South St. Louis County News

St. Louis Call Newspapers

South St. Louis County News

St. Louis Call Newspapers

South St. Louis County News

St. Louis Call Newspapers

Lindbergh public to receive first peek inside new state-of-the-art elementary

Officials expect huge crowd for elementary’s open house
Lindbergh public to receive first peek inside new state-of-the-art elementary

Lindbergh Schools’ state-of-the-art new Dressel Elementary School opens to students in a few weeks, and the public gets its first glimpse inside at an open house this week.

The nearly $22 million, 99,116-square-foot school, 10911 Tesson Ferry Road, is open to the public for self-guided tours from 4:30 p.m. to 6:30 p.m. Wednesday, Aug. 2. Officials expect large crowds and encourage visitors to carpool if they can.

School starts Aug. 17, and the 650-student school will open at capacity, with more students expected to stream in as Lindbergh continues to see surging enrollment and more young families moving into the district.

Voters approved Dressel as Lindbergh’s sixth elementary school to address overcrowding as part of Proposition G, a $35 million bond issue in 2014 that also funded improvements to Lindbergh High School.

The new school is at the site of the original Dressel Elementary on Musick Road, which was torn down.

In the new Dressel, visitors will see not just a modern elementary school and an example of how education has changed since the decades past when other Lindbergh schools were built, but a vision for how education could be in the future.

Compared to Lindbergh’s older and more cramped schools, Dressel will be the “Taj Mahal on Tesson Ferry,” Principal Craig Hamby told the Crestwood-Sunset Hills Kiwanis Club last week.

One of the school’s most striking features are the walls of windows that allow natural light into the cafeteria, along with the full competition-size gymnasium, library, art room, hallways, all the classrooms and collaborative STEM areas similar to makerspaces. The many windows will energize students, allowing them to see outside while in class and in the gym, see into other classrooms and collaborate together in ways not possible at other schools and allowing students who learn differently to sit how and where they want, the principal said

Hamby comes to the school from Sappington Elementary, where he served as principal for seven years. In his 22nd year in education, working in a state-of-the-art school is an entirely new experience.

The school is monitored by 67 surveillance cameras, compared to nine at Sappington and 10 at Long Elementary. Visitors can speak on camera to get buzzed in, and they have to walk through the office.

Instead of hiding the building’s steel structural beams inside the structure like most buildings, Ittner Architects exposed the beams on the outside of the building and added benches inside the beams outside the library.

All of Dressel’s lighting is energy-efficient LEDs. The school will not apply for official LEED energy-efficient certification because it costs too much, but the building would qualify. Hamby predicts that the lights won’t even have to be turned on during the day in the school’s two-story cafeteria because the banks of windows will be enough.

“You can see the sunlight pouring in,” he said.

And as for the extra light in the classrooms, “I like it. It’s a full wall of windows, so just a lot of light coming into the classroom, making it bright and energizing the classroom.”

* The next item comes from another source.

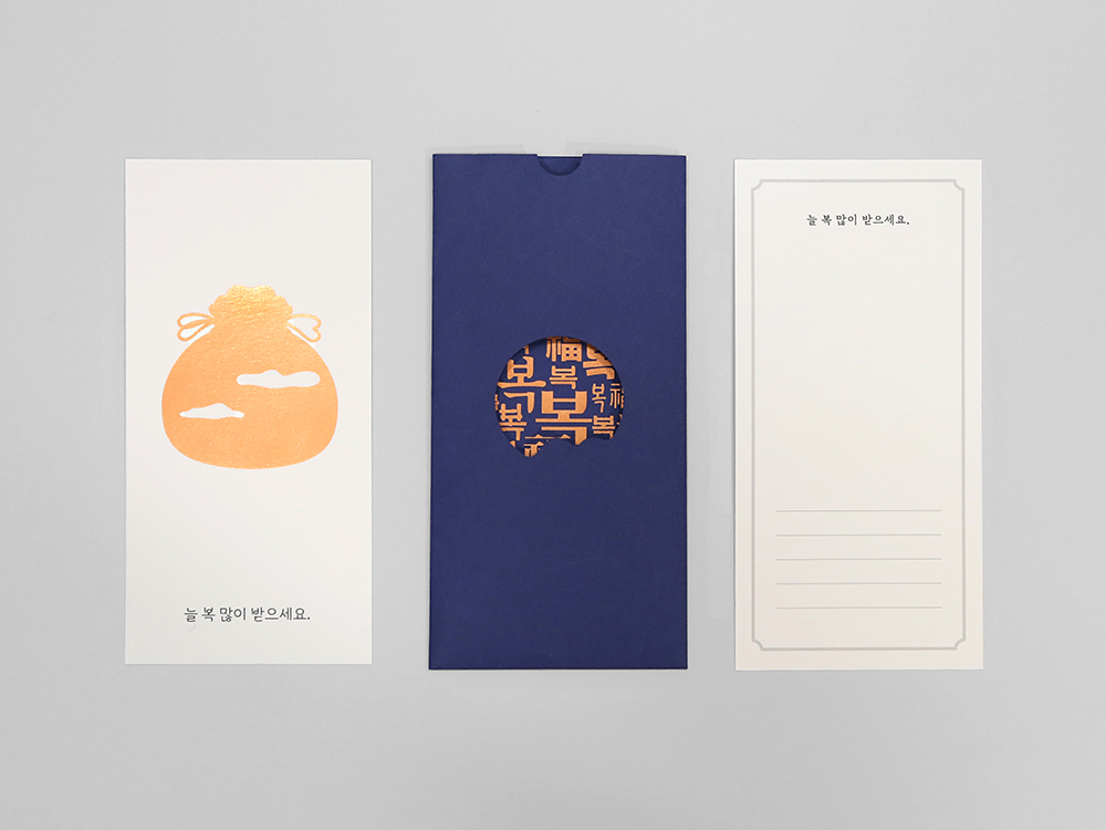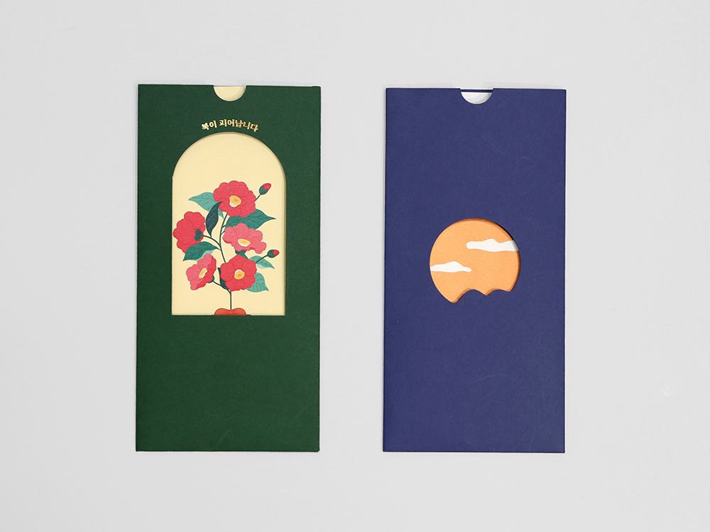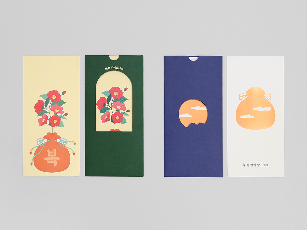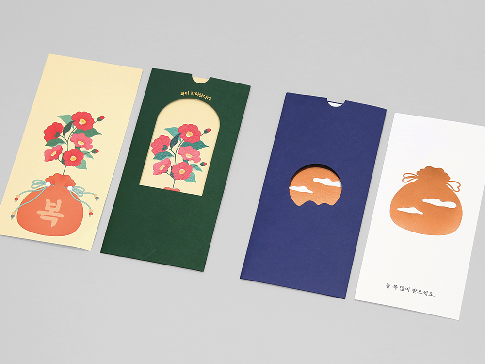 ‘복’을 주제로 삼되, 피어나는 꽃과 매일 떠오르는 해의 이미지를 활용해 명절뿐 아니라 다양한 경조사에도 폭넓게 사용할 수 있는 봉투입니다. 간단한 메시지를 적을 수 있는 마음카드의 그래픽과 전면 커팅이 입체적으로 어우러지며, 안쪽 면에도 후가공을 더해 마음카드를 꺼내는 순간 또 한 번의 즐거움을 제공합니다.

The school is divided into four wings, and each grade level gets a separate hallway, so fifth-graders never mix with kindergarteners. A classroom at the end of each hall is designed to be split into two when the school begins to approach the overcrowding of other Lindbergh elementary schools.

The classrooms are only 100 square feet larger than classrooms at Sappington, but they seem even bigger because of the windows and high ceilings, Hamby said.

Each classroom has a wall of windows and a wall of cabinets and cubbies that give each student their own spot and teachers lots of storage, solving a perennial teacher complaint about more conventional classrooms.

The new school is pioneering non-traditional seating options instead of the desks in rows that older residents might be more familiar with, the principal said. Bookshelves in the library are mobile to allow group collaboration.

“Over the years, we’ve started moving away from everyone’s not in their little cubicle sitting in rows anymore because we want to get the kids together working on stuff,” Hamby said. “Kids will move around. There’ll be rules and expectations for how we do it, but they’ll have different places where they sit.”